Lance Phillips: These Indicium Tales
I just wrote the following blurb for Lance Phillips' third book, to be published, like the first two, by Ahsahta Press. A blurb is also a review, so I'm issuing this one two or three months in advance of the book's publication:
Lance Phillips’ poetry takes us immediately into a carnal theater where the word and its thing stagger under the weight of their attraction for each other. Thus actions which are rational and understandable in real life, like having sex and then touching your ear, take on enthralling intensity. The drama of representation is also heightened because the visual frame is a series of quickly changing keyholes; each foreshortened view has immediacy. This is not conventional poetry, in which voluptuous intentions are pursued by means of poetic rhetoric. Lance Phillips’ poetry models consciousness itself. So description won’t do; it’s too removed and slow.

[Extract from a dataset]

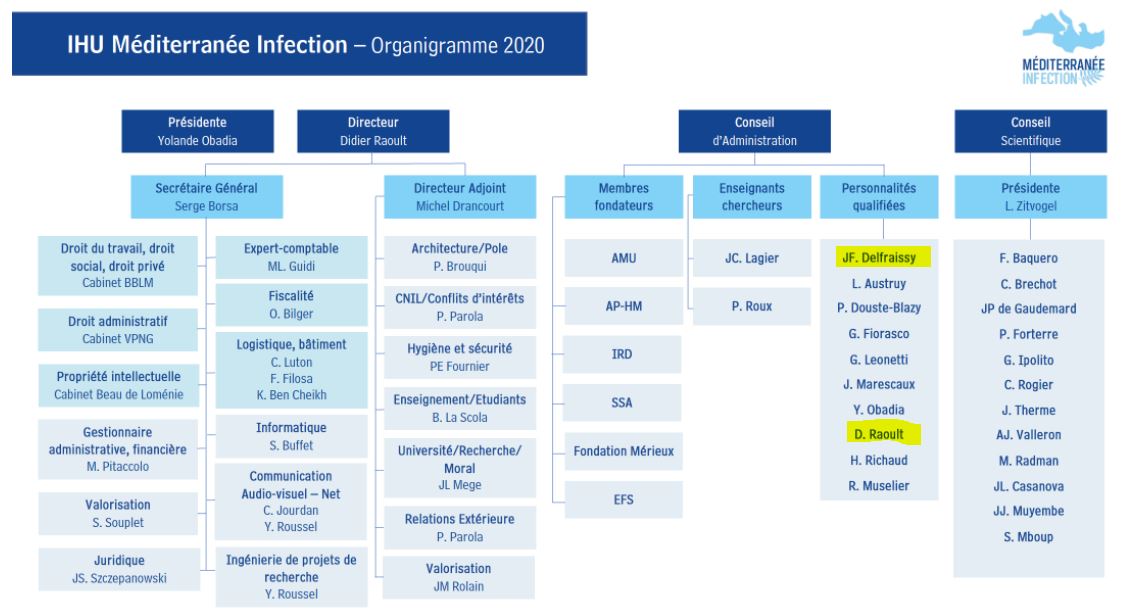 En réalité, il est peu surprenant de le voir à cette place, car le Président du conseil scientifique Jean-François Delfraissy appartient lui aussi au conseil d'administration de l'IHU IM.

Rather than reconstitute, the poet enacts: “Desire and perception meld: moist crease, sun / Wasp, it filled his mouth.” We are first witnesses as now, and again now, worlds interact: “On lips here her body in birds of the air.” To read this book is to experience a series of transformations; in effect, to learn to read all over again.
Labels: Ahsahta Press, Lance Phillips, lyric poetry
3 Comments:
Hi Paul,
I just read your intro to Postmodern American Poetry and enjoyed it very much. Yes I know a long time ago but I came across the book in a used store. Now I want to read more of your work including The Novel.
Here's my literary blog...
http://www.blogcatalog.com/blog/the-reading-diary-of-christopher-willard
best wishes,
Christopher Willard
No offense to you, Paul, you're a suave and intelligent man, but to me this is typical of the blurb - earnest but vague in statement, and not descriptive of the poetry itself. A few words of simple chacterization (these poems tell stories, these poems work by associational logic, thse poems are metered, etc.) could go a long way I think. Anyway, I don't mean to be a carping sideliner, but "voluptuous intentions," "poetic rhetoric," "reconstituting vs. enacting," etc, all seem dubious to me.
But is a blurb really a review? Seeing as how no-one in their right mind would put a negative blurb on the back of their book, that isn't really accurate is it? A review is uncensored, and often unsolicited. Or am I wrong?
Enjoying your blog, by the way. Interesting writing.